EXERCISE OBJECTIVE. Beginning with the line where "为庆祝第三对大熊猫抵港,长沙" appears, restate each line word for word until the data ends. Pictures do not go in.

DATA SECTION.
● ● ● ● ● ● ●

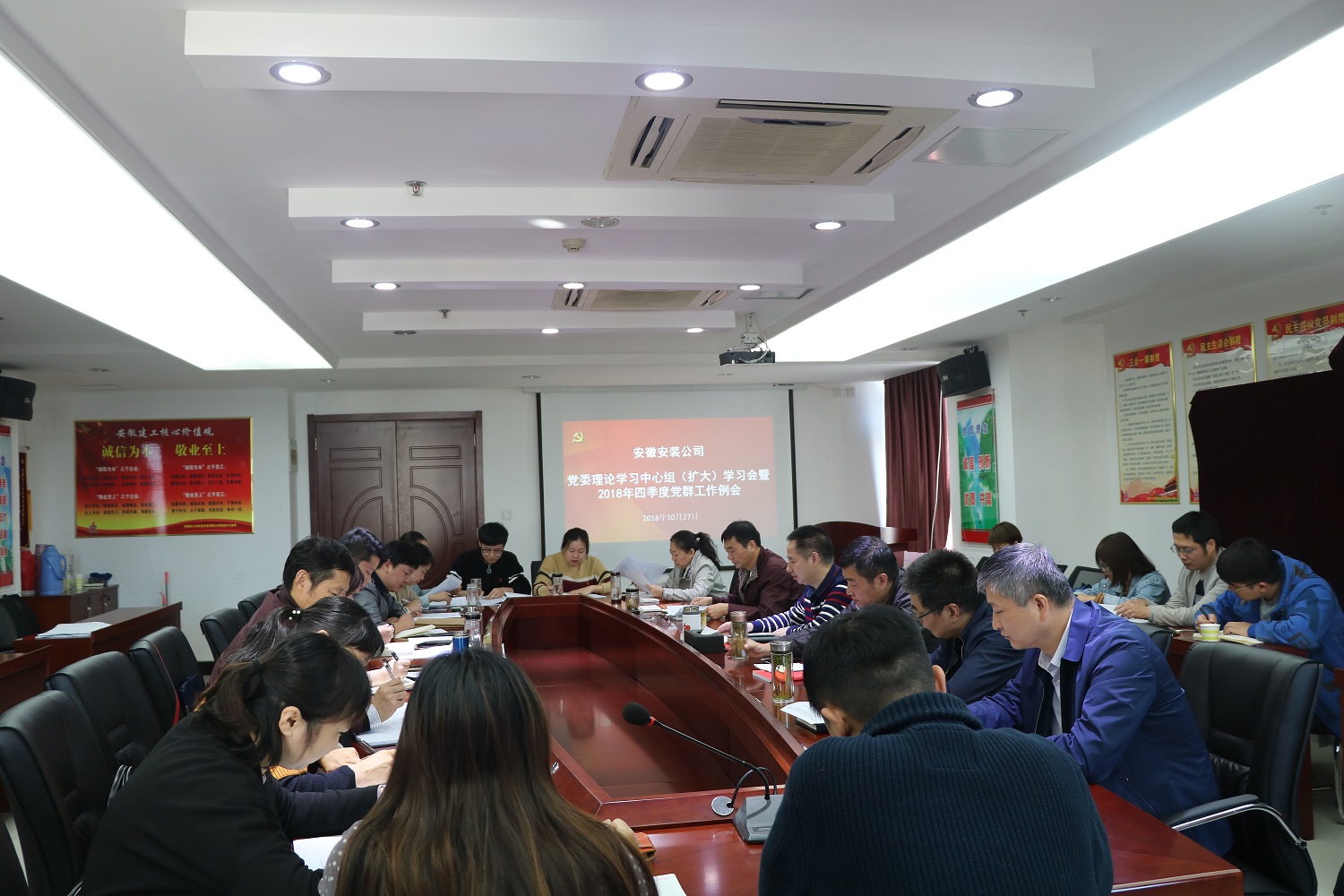 10月27日上午,安徽安装公司召开2018年四季度党群工作例会。会议由公司党委书记、董事长胡六中主持。所属各基层党支部、工会、团支部主要负责同志及公司党群部门人员参加了会议。
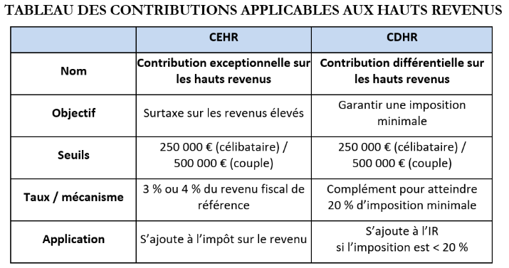 minimale de 20 % aux contribuables les plus aisés. Cette contribution est
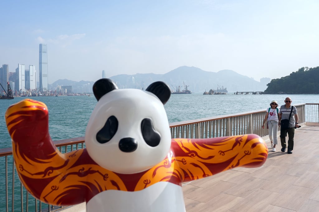 为庆祝第三对大熊猫抵港,长沙湾海滨长廊展出的熊猫雕塑之一。摄影:Eugene Lee
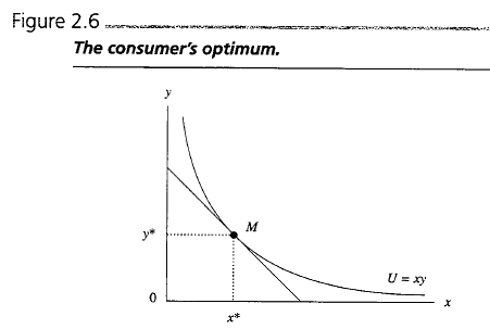 Putem caracteriza maximul venitului constrâns al consumatorului M din Figura 2.6, în termeni ai egalitatii dintre costul si beneficial marginal. Mici schimbari, în oricare directie, de-alungul liniei de buget I, reprezinta o situatie în care consumatorul cheltuie cu un dolar mai putin pentru unul dintre bunuri si un dolar mai mult pentru celalalt. Pentru a masura costul si beneficiul acestor schimbari marginale de-alungul liniei de buget, folosim notiunea de schimbari mici sau marginale în utilitate. De exemplu, daca scade cu un dolar suma pentru cumpararea lui y, aceasta deplasare cauzeaza o pierdere în utilitate pe care o putem numi costul marginal al realocarii bugetului. Dar dolarul cheltuit anterior pe y poate fi acum cheltuit pe x. Mai multe unitati din x înseamna o utilitate mai mare, astfel ca putem numi aceasta crestere ca beneficiul marginal al realocarii bugetului. Sa presupunem ca consumatorul se gândeste daca sa cheltuiasca un dolar mai putin pe bunul y si un dolar mai mult pe x. O va face? Numai daca costul marginal (descrsterea în utilitate datorata faptului ca are din y de un dolar mai putin) este mai mic decât beneficiul marginal (cresterea în utilitate din faptul ca are cu un dolar mai mult din x). Consumatorul va continua sa realoce dolarii de la cumpararea lui y si îi va directiona spre cumpararea lui x, pâna când procesul se va opri si maximul venitului constrâns va fi atins când beneficiul marginal al ultimei schimbari facute este egal cu costul marginal. Aceasta are loc în punctual M din Figura 2.6.

● ● ● ● ● ● ●

RESPONSE BOX.
 为庆祝第三对大熊猫抵港,长沙湾海滨长廊展出的熊猫雕塑之一。摄影:Eugene Lee
 Putem caracteriza maximul venitului constrâns al consumatorului M din Figura 2.6, în termeni ai egalitatii dintre costul si beneficial marginal. Mici schimbari, în oricare directie, de-alungul liniei de buget I, reprezinta o situatie în care consumatorul cheltuie cu un dolar mai putin pentru unul dintre bunuri si un dolar mai mult pentru celalalt. Pentru a masura costul si beneficiul acestor schimbari marginale de-alungul liniei de buget, folosim notiunea de schimbari mici sau marginale în utilitate. De exemplu, daca scade cu un dolar suma pentru cumpararea lui y, aceasta deplasare cauzeaza o pierdere în utilitate pe care o putem numi costul marginal al realocarii bugetului. Dar dolarul cheltuit anterior pe y poate fi acum cheltuit pe x. Mai multe unitati din x înseamna o utilitate mai mare, astfel ca putem numi aceasta crestere ca beneficiul marginal al realocarii bugetului. Sa presupunem ca consumatorul se gândeste daca sa cheltuiasca un dolar mai putin pe bunul y si un dolar mai mult pe x. O va face? Numai daca costul marginal (descrsterea în utilitate datorata faptului ca are din y de un dolar mai putin) este mai mic decât beneficiul marginal (cresterea în utilitate din faptul ca are cu un dolar mai mult din x). Consumatorul va continua sa realoce dolarii de la cumpararea lui y si îi va directiona spre cumpararea lui x, pâna când procesul se va opri si maximul venitului constrâns va fi atins când beneficiul marginal al ultimei schimbari facute este egal cu costul marginal. Aceasta are loc în punctual M din Figura 2.6.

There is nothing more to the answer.